Dataset:
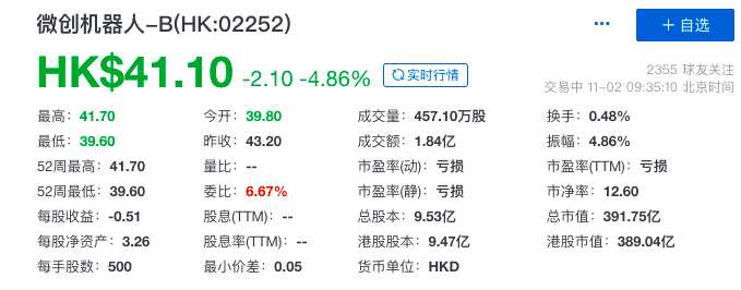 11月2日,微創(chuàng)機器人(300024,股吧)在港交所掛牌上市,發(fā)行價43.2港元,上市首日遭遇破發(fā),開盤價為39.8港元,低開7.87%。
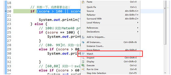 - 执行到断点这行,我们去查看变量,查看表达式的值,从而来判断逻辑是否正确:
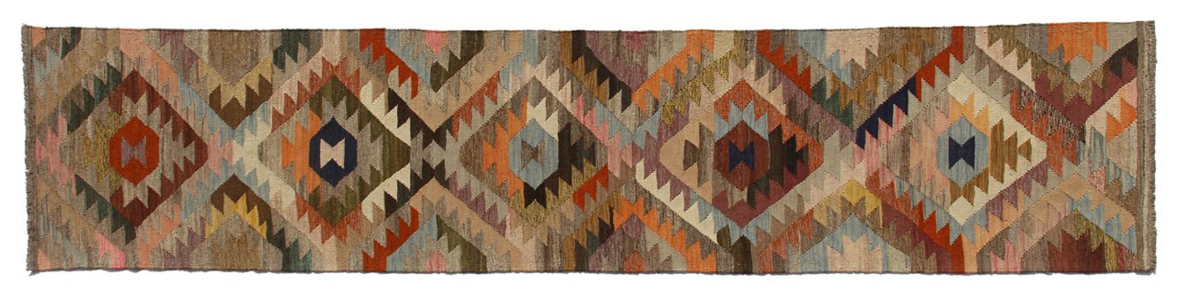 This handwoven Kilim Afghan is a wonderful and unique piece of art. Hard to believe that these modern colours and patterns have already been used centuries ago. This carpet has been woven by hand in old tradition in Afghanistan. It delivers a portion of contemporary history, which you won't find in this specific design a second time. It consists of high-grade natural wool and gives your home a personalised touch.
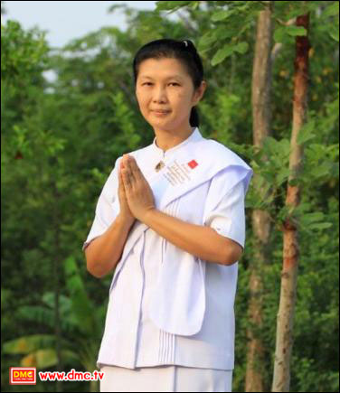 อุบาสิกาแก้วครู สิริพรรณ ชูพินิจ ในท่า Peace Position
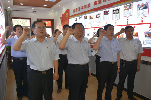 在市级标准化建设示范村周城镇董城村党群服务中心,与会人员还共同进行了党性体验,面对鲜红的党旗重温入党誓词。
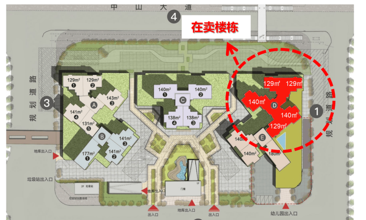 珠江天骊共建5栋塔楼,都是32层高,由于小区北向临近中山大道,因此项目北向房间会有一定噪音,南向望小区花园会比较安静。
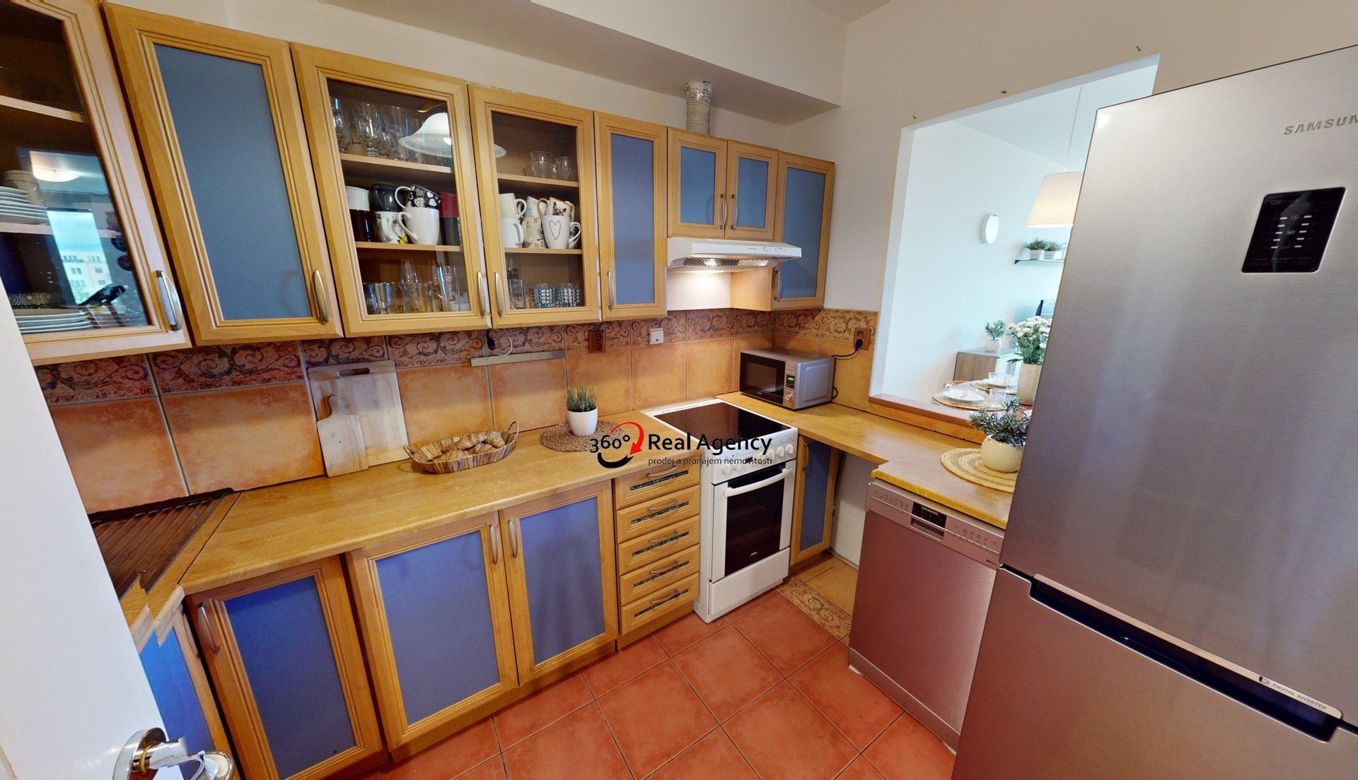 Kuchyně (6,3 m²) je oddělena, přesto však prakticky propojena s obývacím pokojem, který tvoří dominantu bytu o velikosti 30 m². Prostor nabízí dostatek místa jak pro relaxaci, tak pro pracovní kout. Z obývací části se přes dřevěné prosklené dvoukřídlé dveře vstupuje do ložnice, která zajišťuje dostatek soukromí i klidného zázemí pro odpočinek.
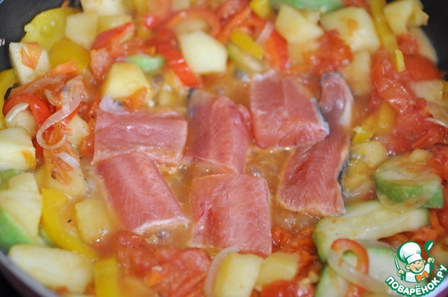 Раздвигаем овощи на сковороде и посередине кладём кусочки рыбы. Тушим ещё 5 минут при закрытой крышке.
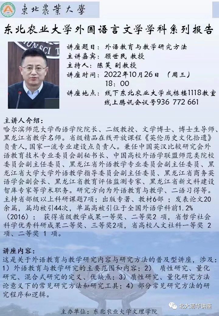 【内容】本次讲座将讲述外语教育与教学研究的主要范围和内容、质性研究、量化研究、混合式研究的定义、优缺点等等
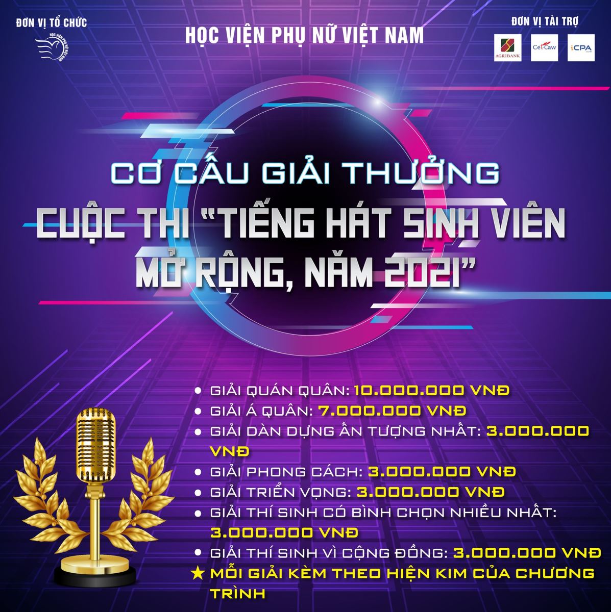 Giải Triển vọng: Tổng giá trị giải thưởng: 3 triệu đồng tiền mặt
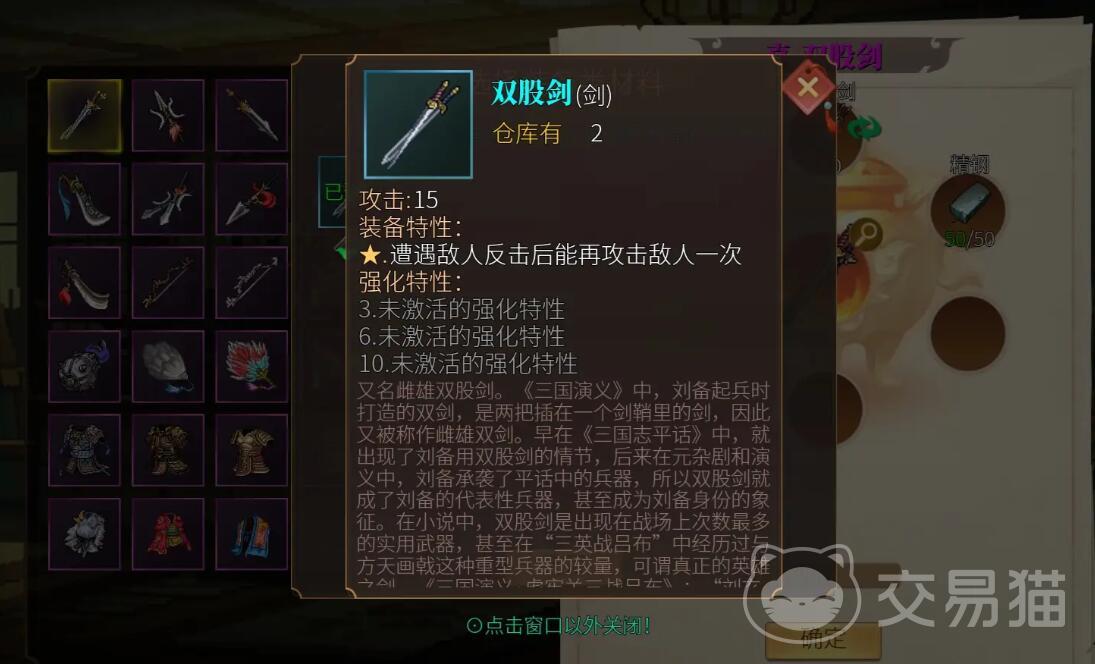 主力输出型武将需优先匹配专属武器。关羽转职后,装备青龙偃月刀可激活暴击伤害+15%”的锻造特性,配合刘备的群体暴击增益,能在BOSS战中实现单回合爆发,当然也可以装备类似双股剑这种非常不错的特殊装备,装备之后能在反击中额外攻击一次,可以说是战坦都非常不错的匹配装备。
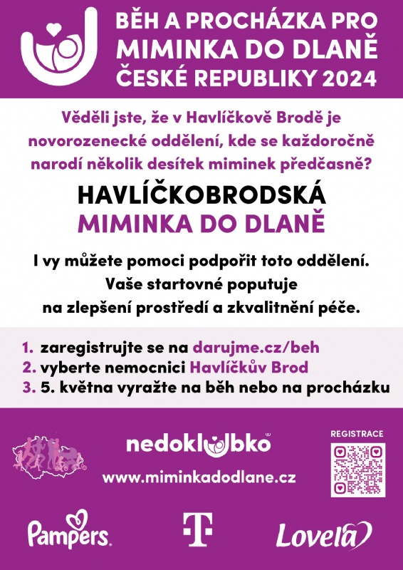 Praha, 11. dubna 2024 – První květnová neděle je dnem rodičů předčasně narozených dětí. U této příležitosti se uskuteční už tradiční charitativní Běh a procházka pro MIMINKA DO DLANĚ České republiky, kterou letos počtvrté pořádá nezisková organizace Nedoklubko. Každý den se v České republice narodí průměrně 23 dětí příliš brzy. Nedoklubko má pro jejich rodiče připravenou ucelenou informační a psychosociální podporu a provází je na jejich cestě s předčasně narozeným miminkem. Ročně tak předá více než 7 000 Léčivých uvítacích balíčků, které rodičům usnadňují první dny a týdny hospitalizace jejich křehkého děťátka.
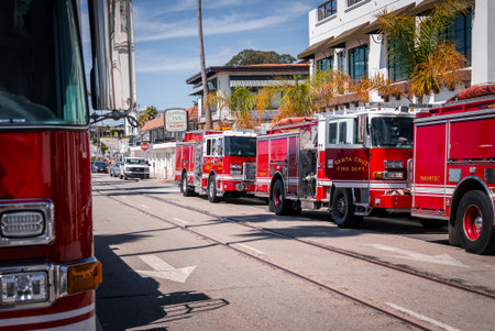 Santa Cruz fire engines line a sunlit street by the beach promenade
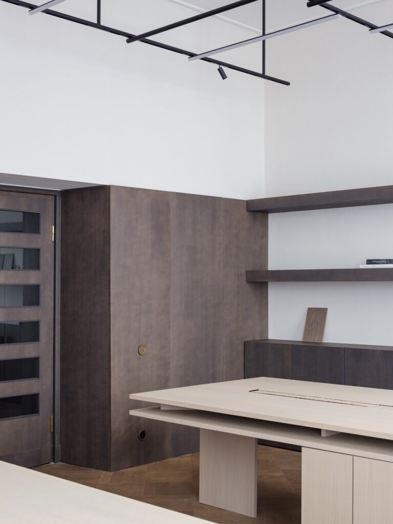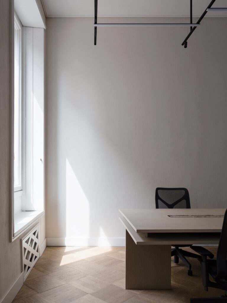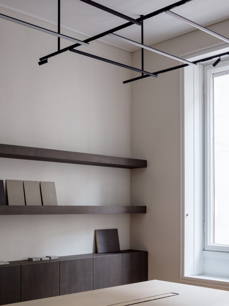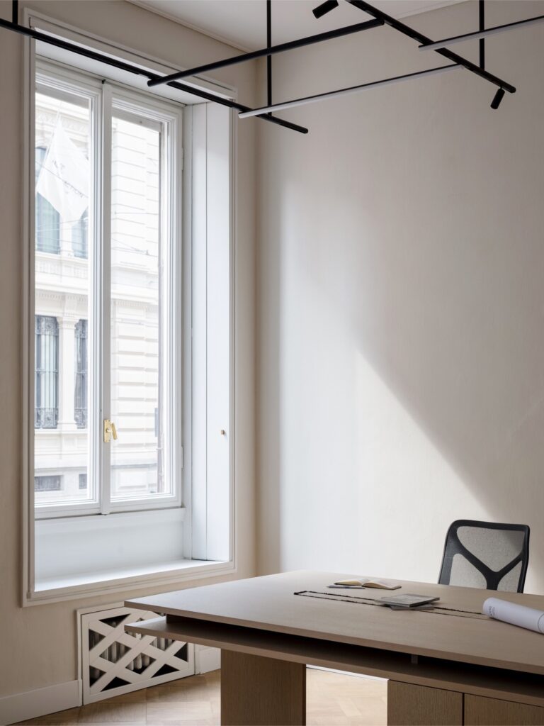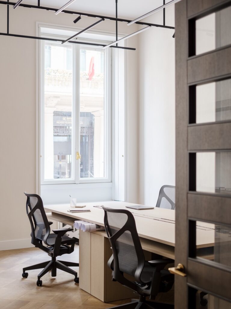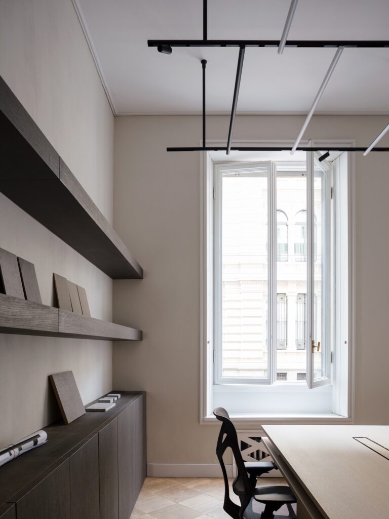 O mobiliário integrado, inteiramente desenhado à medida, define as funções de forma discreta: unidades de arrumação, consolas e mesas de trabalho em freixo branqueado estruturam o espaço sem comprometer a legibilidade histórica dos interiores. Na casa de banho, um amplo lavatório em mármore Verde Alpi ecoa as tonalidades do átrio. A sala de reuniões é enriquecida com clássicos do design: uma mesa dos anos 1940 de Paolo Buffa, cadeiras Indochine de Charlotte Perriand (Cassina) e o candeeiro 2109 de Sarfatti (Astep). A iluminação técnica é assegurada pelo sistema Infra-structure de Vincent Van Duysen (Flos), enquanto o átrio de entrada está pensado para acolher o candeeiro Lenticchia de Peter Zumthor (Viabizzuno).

About this task:
Give exactly the lines above that run from the line with "อุบาสิกาแก้วครู สิริพรรณ ชูพินิจ" to the line with "Kuchyně (6,3 m²)", both included, leaving every picture out.

Exercise output:
 อุบาสิกาแก้วครู สิริพรรณ ชูพินิจ ในท่า Peace Position
 在市级标准化建设示范村周城镇董城村党群服务中心,与会人员还共同进行了党性体验,面对鲜红的党旗重温入党誓词。
 珠江天骊共建5栋塔楼,都是32层高,由于小区北向临近中山大道,因此项目北向房间会有一定噪音,南向望小区花园会比较安静。
 Kuchyně (6,3 m²) je oddělena, přesto však prakticky propojena s obývacím pokojem, který tvoří dominantu bytu o velikosti 30 m². Prostor nabízí dostatek místa jak pro relaxaci, tak pro pracovní kout. Z obývací části se přes dřevěné prosklené dvoukřídlé dveře vstupuje do ložnice, která zajišťuje dostatek soukromí i klidného zázemí pro odpočinek.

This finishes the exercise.